De Roberto nos muestra en dos
fragmentos la admiración que el pueblo sentía por la alta nobleza derrochadora,
juerguista y pendenciera, quizá porque era la aspiración del pueblo llano:
Pero el
prestigio que tenían aquellos nombres era tan grande que muy pocos osaban
quejarse y la mayor parte se consideraban honrados por competir con tales
señores, los admiraban y hablaban de ellos con el máximo respeto. Durante los
carnavales el disfraz preferido de los bolsillos y de los mozos de cuerda era
el de Barón…
…¿Sin
esos nobles, que hubieran hecho los obreros? Sus lujos, sus placeres, sus
mismas locuras eran otras tantas ocasiones para que la gente del pueblo
trabajara y se ganara algo. Y el joven príncipe derrochaba reciamente, como si
tuviera un agujero en las manos
No se atisba en sus palabras una crítica en la
línea de la lucha de clases, a pesar de que eran los que sometían al pueblo,
sus tiranos. Los enjuiciaban con benevolencia e interpretaban sus
extravagancias de la misma forma que nosotros hoy lo hacemos con los artistas,
los jugadores de fútbol o los miembros de la farándula que alimentan las páginas
de las revistas del corazón. Cambian algo los rasgos de los protagonistas, pero
el derroche y el lujo siguen siendo un imán para la gente común.
Es evidente que las rentas que
obtenían volvían al circuito económico en forma de préstamos o de gasto. Sin un
sistema bancario maduro los prestamistas eran los nobles y la Iglesia. Y el
lujo lo mantenían los que tenían dinero en abundancia para derrochar:
Ahora,
después de diez años de libertad, nadie sabía cómo seguir viviendo.

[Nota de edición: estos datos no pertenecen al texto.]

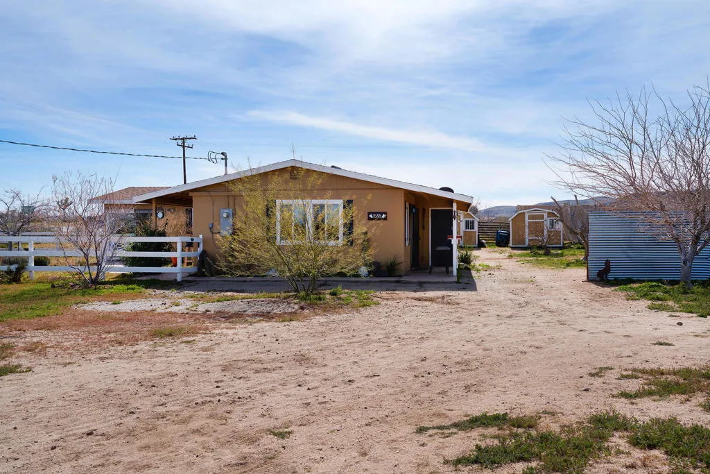 Residential/Commercial/Industrial/Agricultural opportunity, Zoned HV/SD-COM, with Hwy frontage! This may present opportunities for a hotel, restaurant, lounge, retail, art gallery, agricultural business or more. Buyer must verify all uses with the county planners. Beautiful and spacious 1,200+ sqft mid-century home with 2 bed and 2 bath on 4.72 acres in trendy Flamingo Heights. Mature Joshua Trees. Two storage sheds and a shipping container. Almost two acres fenced. Open the gate and enter the over 100ft driveway with accents of 3-rail ranch fencing leading to the home. A shaded patio alcove leads to the front door. Spacious living room with Spanish tile flooring, wood trim, recessed lighting, electric hearth and mantle fireplace. Kitchen with electric cooktop peninsula, long counter tops, dual basin sink, refrigerator, ample cabinets and cupboards. Dining area. Mini split ac/heat. Main bath with bathtub, shower and long counter top vanity. Additional bathroom with shower and vanity. Large master bedroom with glass slider to the patio. Second bedroom with two large closets and glass sliders to the study/computer room. Carport with slab is perfect for a breezeway style patio. Plenty of space for bbq dinners alfresco with friends and or a shaded desert lounge. Detached shade pergola. Corrugated steel privacy fencing. Rear patio garden like setting. Ideal for soaking in serene desert evenings and the gentle breeze. Inspiring views of Flat Top Mesa and Ruby Mtn. Close to the endless wildness trails of Hondo Canyon. Enjoy a fire pit with friends under the stars. Close proximity to Giant Rock Bar and Pizza, La Copine restaurant, Heros restaurant, and a few convenience stores. The large acreage presents opportunities more residential structures. Build a second house, guest houses, barns, and a hobby farm. More celebrities, artists, and musicians are now calling Flamingo Heights home than ever before. 41 miles to Palm Springs. 55 miles to Big Bear Lake. 10 miles to Yucca Valley. 18 miles to Joshua Tree National Monument where about 3 million tourists visit annually. Rare opportunity for creating the dream desert ranch and business you've always wanted. Don't Wait! - Call Now!

Habían
prometido un reino de justicia y moralidad, y los favoritismos, las chapuzas y
las estafas seguían siendo igual que antes. ¡Los poderosos y déspotas de
siempre seguían, sin embargo, en sus puestos! ¿Quién marcaba el compás bajo el
antiguo gobierno? Los Uzeda, los ricos y los nobles de su categoría, con sus
respectivos clientes: ¡los mismos que lo llevaban ahora!
Dacia Maraini ilustra el
despilfarro de la nobleza contando una ceremonia de consagración que dura diez
días de festejos, limosnas, misas, comidas y cenas suntuosas. Para el ingreso
en el convento de una hija de la familia protagonista había gastado el padre
“más de 10.000 escudos entre dote, alimentos, bebidas y cirios. Una fiesta que
en la ciudad todos recuerdan por su fasto”. Eso provoca un mando del Virrey
“para reconvenir a los señores barones que gastan demasiado y se cargan de
deudas, prohibiendo el abuso de festejos monacales que duren más de dos días.

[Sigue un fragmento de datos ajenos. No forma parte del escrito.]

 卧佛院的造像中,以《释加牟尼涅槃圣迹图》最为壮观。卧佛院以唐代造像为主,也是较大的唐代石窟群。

Cosa que, naturalmente, en Palermo nadie ha tenido en cuenta”.
Esa instrucción para evitar el
derroche de los nobles adinerados (o con crédito) provoca una reacción muy
negativa al considerarlo un entrometimiento inadmisible para un estamento que
se considera por encima de todo y cuya obligación (o casi) es dilapidar el
dinero:
La
grandeza de los nobles consiste en despreciar las cuentas, las que sean. Un
gentilhombre no hace cálculos jamás, ni siquiera conoce la aritmética. Para eso
están los administradores, los mayordomos, los secretarios, los siervos. Un
gentilhombre no compra ni vende. A lo sumo ofrece lo mejor que hay en el
mercado a quién juzga digno de su generosidad… Dado que todo cuanto crece y se
multiplica en la bellísima tierra de Sicilia le pertenece por nacimiento, por
sangre, por gracia divina, ¿qué sentido tiene calcular provechos y pérdidas?
Asuntos de comerciantes y burguesillos.